Multidimensional Soliton Systems

Boris A. Malomed
Nonlinear Sciences, Pattern Formation and Solitons, Pattern Formation and Solitons (nlin.PS), Quantum Gases (cond-mat.quant-gas), Optics (physics.optics)
2023-12-28 00:00:00
This concise review aims to provide a summary of the most relevant recent experimental and theoretical results for solitons, i.e., self-trapped bound states of nonlinear waves, in two- and three-dimensional (2D and 3D) media. In comparison with commonly known one-dimensional solitons, which are, normally, stable modes, a challenging problem is the propensity of 2D and 3D solitons to instability, caused by the occurrence of the critical or supercritical wave collapse (catastrophic self-compression) in the same spatial dimension.
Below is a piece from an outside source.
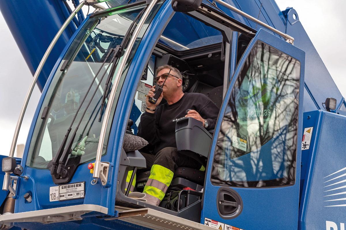 Matthias Bachmann, Kranfahrer auf dem firmenblau lackierten LTR 1220, ist voll des Lobes für seine neue Maschine: »Steuerung, Kamerasystem, Beweglichkeit, Präzision – alles wirklich super«, schwärmt er. Bezüglich der Hubkraft lässt der moderne Kran seinem zufriedenen Bediener ohnehin keine Wünsche offen. »Ein 60 t schwerer Unterzug war bisher das Schwerste, was ich mit dem LTR verfahren habe. Und in den 990 Betriebsstunden hatten wir keinen einzigen Stillstand – das finde ich schon enorm gut.« Montageleiter Boris Cordes hört das gern und ergänzt: »Den LTR 1220 anzuschaffen war die beste Entscheidung, die wir treffen konnten. Das Gerät ist einfach herausragend.« s
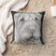 This unique black and white designer pillow shows the heads of a Chinese Shar-Pei dog . The image on this pillow is based on a painting titled " Sharpei".

A remarkable feature of multidimensional solitons is their ability to carry vorticity; however, 2D vortex rings and 3D vortex tori are subject to strong splitting instability. Therefore, it is natural to categorize the basic results according to physically relevant settings which make it possible to maintain stability of fundamental (non-topological) and vortex solitons against the collapse and splitting, respectively. The present review is focused on schemes that were recently elaborated in terms of Bose-Einstein condensates and similar photonic setups. These are two-component systems with spin-orbit coupling, and ones stabilized by the beyond-mean-field Lee-Huang-Yang effect. The latter setting has been implemented experimentally, giving rise to stable self-trapped quasi-2D and 3D "quantum droplets".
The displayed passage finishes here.